Example of a Deep Learning Network with several layers. Credit: Lamar Institute

Over the last few years, there has been an increase in development for Artificial Intelligence models, becoming more and more complex. Previously, models had an input, typically another layer, and an output layer, and dealt with discriminating simple tasks. Now, as we push the edge of innovation and science, we now have the ability for models to have several middle layers, or “hidden” layers. However, these do come with several drawbacks.

What is Deep Learning?

Before we can jump into the pros and cons, we need a set of definitions. By technicality, Deep Learning (DL) is a branch of Machine Learning (ML) which is under the umbrella term of Artificial Intelligence that has 7 different, but not exactly distinct categories. Each category in fact intertwines with each other in order to get the desired outcome. Deep Learning is a category in which a computer attempts to find a pattern within a set of data that a human could not find to sort out the information into the desired outputs.

One example of how people separate the AI field. Technically, all the red subfields can be considered deep learning. Credit: Javatpoint.

In order to achieve such a result, computers use what is formerly called an artificial neural network: a method that resembles how the human brain functions using artificial neurons. An artificial neural network uses interconnected sets of these neurons to sort out information to correctly designate it to some value. There are, at minimum, 3 sets (layers) in the Neural Network:

1) Input Layer: This is where the input goes.
a) User-Input is 7.

2) Hidden Layers: This is the place where the input goes to get classified. For example,
number “7” has a “/” and a “-” on top. The hidden layer could ask,
b) Does this input have a “(,” “|,” “\,” or a “/”? It has a “?.”
c) Some of the options for a number with a “/” is having a “-,” “o” (the circle on top for the number 9), or “o” (for the circle on the bottom for 6). Seems like it has a “-”.
*Note: this example is for two hidden layers. There could be several hundred or even just one.

3) Output Layer: Like the name suggests, what is the value of the input?
d) It has a “/” and a “-,” therefore, it must be a “7.”

Humans first provide labeled training data in which the network learns some manner to differentiate between it. Humans then tell the computer whether it is right or wrong. This is called “supervised learning.” The other method is “unsupervised learning” where the computer is given unlabeled data and it must find patterns from it by itself.

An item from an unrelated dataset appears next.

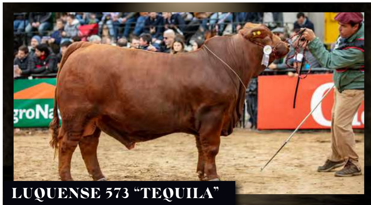
LUQUENSE 573 "TEQUILA"

However, the computers do not know the right steps for the network, so the networks undergo a process called “backpropagation.” Backpropagation is a step in which the computer uses what was to be the actual value and accordingly updates the weights and parameters to get the hoped output.

DL vs. ML

ML: Uses human intervention to tell the computer what/how to differentiate something. You use an explicit model to make/perform a task.
DL: Makes the computer find out the pattern within a set of data. Humans may necessarily not be able to recognize the patterns, but a computer could find it by itself with just the right amount of data.

Pros and Cons

Pros

1) Performance. Once trained for long enough, a neural network with the use of several GPUs and CPUs could do complex math equations that would take humans a long time.

2) Scaling. It can be scaled into taking in more inputs to process more and more.

3) Learning Capability. Automatically adapts to new things that aren’t in the dataset (e.g. a new word is given to it –> understand it and put it in its dataset). This is also known under the term supervised learning.

Cons

1) Data. Is really good with unstructured data (stuff that does not reside in some strict row by column way) but requires a ton of it.

2) Computational Power. More expensive to use. You need a high-level GPU in most cases because of the amount of cores it takes to run.

3) Training Time. It takes a ton of time to train it! Especially when you use more data + needs to be filtered out more in order to get a precise answer.

4) Overfitting. The computer’s ability to predict the correct output to its dataset gets so good that when new data is introduced, it becomes difficult to interpret the new data correctly.

Examples

1) Linear Regression: Finding the line of best fit with multiple data points that may not be “strictly” correlated with each other. Here’s what I mean,

How To Run Linear Regressions In Python Scikit-learn - ActiveStateCredit: ActiveState

In our instance, we have two weights that can change in order to best fit this line.
We would change these (maybe make the intercept 3 and the slope 4) and see if they fit the line. If they don’t, you continue working on it until you can make it better.

Fun Fact: Rumor has it that ChatGPT 4 has around 1.76 trillion weights/parameters (the decoder). Still, just because you have a ton of weights doesn’t mean it’ll be good. This is where overfitting becomes an issue for models.

2) Natural Language Processing: In order to process and understand human content, Deep Learning Algorithms have to undergo rigorous testing in order to process, understand, and output an actual answer.

3) Medical Diagnostic Technologies: Giving computers the data of patients with and without a certain disease, could they identify it? In fact, they could, and found patterns that us humans could not find ourselves. For example, computers have used x-rays of patients rib cage area to conclude if they have COVID or not.

3) Computer Vision: Using DL Neural Networks, computers could learn how to “see” and identify things that we automatically see and understand. Car’s autopilot abilities are an example of this.